Where I got confused was this sentence from Mastering the FreeRTOS™ Real Time Kernel, “The xEventGroupWaitBits() API Function”,
The xClearOnExit parameter is provided to avoid these potential race conditions. If
xClearOnExit is set to pdTRUE, then the testing and clearing of event bits appears to the
calling task to be an atomic operation (uninterruptable by other tasks or interrupts).
The part that I missed is that
xEventGroupSetBits
is a single step, and one that unblocks all waiting tasks in this case. The fact that they all atomically clear the bit if xClearOnExit
is pdTRUE
doesn’t help because they’re all already running. So, a second atomic step, xEventGroupClearBits
, is needed to select a winner and send the others back to xEventGroupWaitBits
.
I agree, but it’s really the old, old method. I don’t know who wrote it in the first place, but they knew what they were doing (although I do wonder about the efficiency of this locking mechanism).

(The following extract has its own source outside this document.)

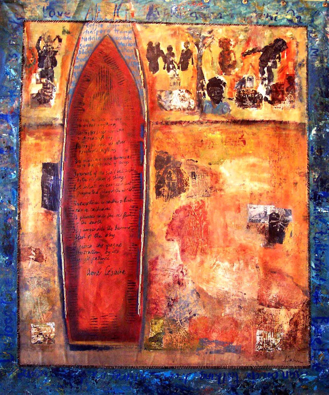 acrylic on canvas with collage stitches, 147x137 cm

You mean, recreating the problem with the broken code on a single core? It is not easy to come up with good stress tests for this. Hard to get the timing right so that the first task doesn’t always proceed before there are any other waiters. With this particular bug, the problem only showed up when there was contention. Adding a configASSERT to FF_LockFAT
helps with early detection.